• Source information:

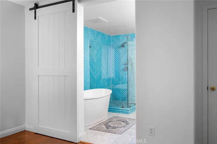 Upstairs you’ll find four spacious bedrooms and two full baths. The primary suite is a true retreat with walk-in closet, and a luxurious remodeled bath that includes double sinks, soaking tub and separate shower. The primary suite shower features Carolina Bay polished ceramic turquoise tiles and the bathroom flooring is honed Bianco Carrara marble herringbone mosaic tile. The upstairs laundry room is centrally located for convenience.
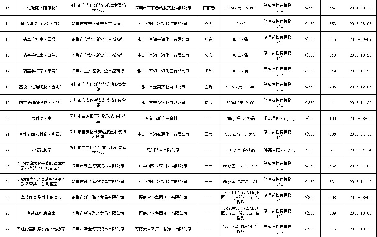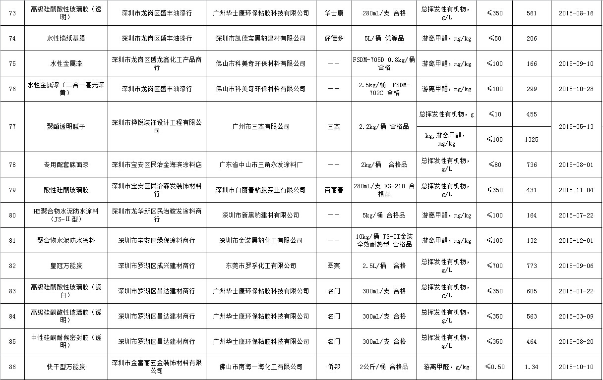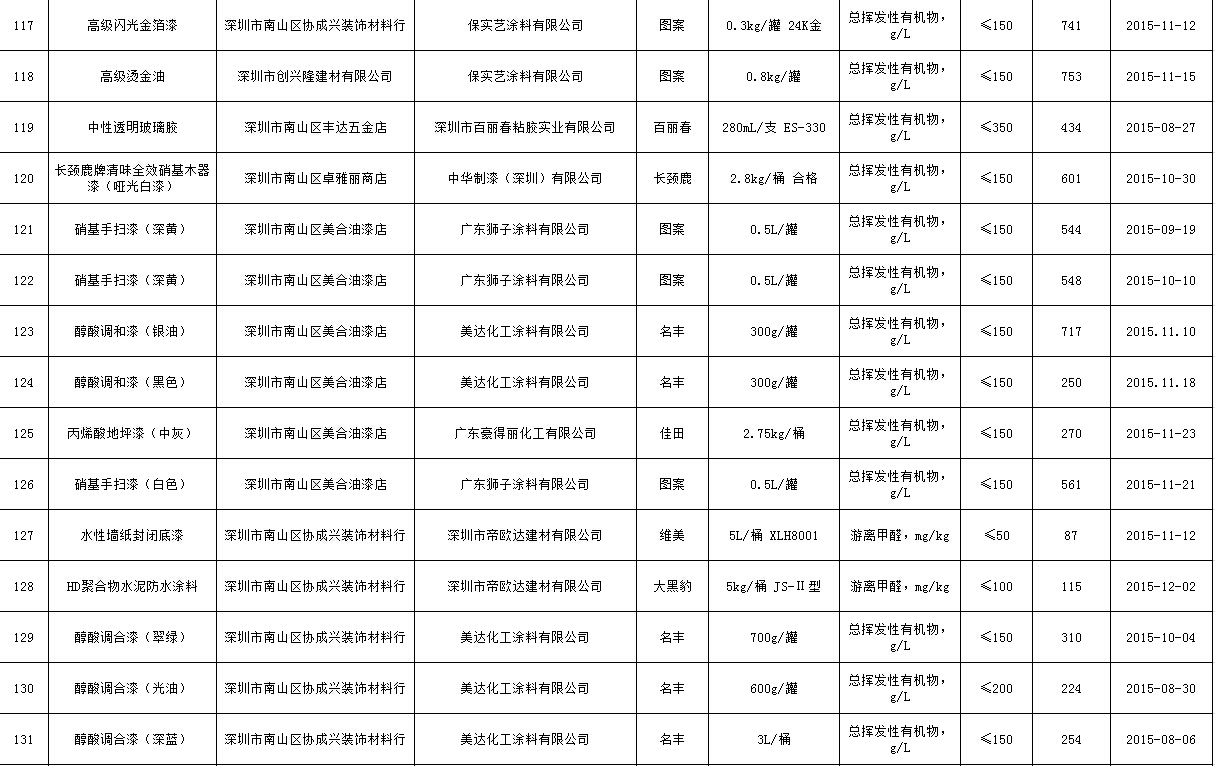 2016年6月27日,深圳市市场监督管理局在其官网公布了“2015年第四季度建筑装饰装修涂料及胶粘剂产品质量专项监督抽查结果”。本次共抽查了136家企业生产销售的1227批次产品,检验合格1113批次,不合格114批次。
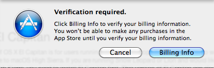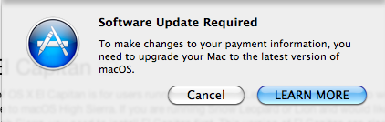 I have a catch 22 situation. I want to upgrade from Snow Leopard (OS 10.6.8) to El Capitan (OS 10.10) on my 5.2 white Macbook. On the Mac store I can see El Capitan (see attached screenshot), but when I try to download it I get a 'Verification required' notice asking me to update my billing info. When I click the Billing Info button, I get "Software Update Required' which is exactly what I am trying to do. So basically I can't upgrade my OS to Yosemite without upgrading my OS. Grrr!
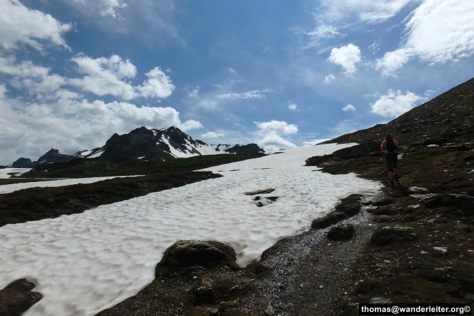 Zwischen dem Pass Lunghin und dem Lägh dal Lunghin ist ein fast durchgehendes Schneefeld.
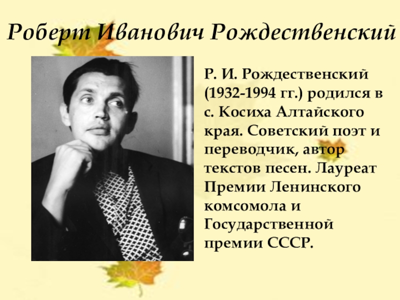 (1932-1994 гг.) родился в с. Косиха Алтайского края. Советский поэт и переводчик, автор текстов песен. Лауреат Премии Ленинского комсомола и Государственной премии СССР.

• Instructions for the task:
Return verbatim every line from the line containing "I have a catch" to the last line of the entries above, inclusive, and leave out the pictures.

• Answer below:
 I have a catch 22 situation. I want to upgrade from Snow Leopard (OS 10.6.8) to El Capitan (OS 10.10) on my 5.2 white Macbook. On the Mac store I can see El Capitan (see attached screenshot), but when I try to download it I get a 'Verification required' notice asking me to update my billing info. When I click the Billing Info button, I get "Software Update Required' which is exactly what I am trying to do. So basically I can't upgrade my OS to Yosemite without upgrading my OS. Grrr!
 Zwischen dem Pass Lunghin und dem Lägh dal Lunghin ist ein fast durchgehendes Schneefeld.
 (1932-1994 гг.) родился в с. Косиха Алтайского края. Советский поэт и переводчик, автор текстов песен. Лауреат Премии Ленинского комсомола и Государственной премии СССР.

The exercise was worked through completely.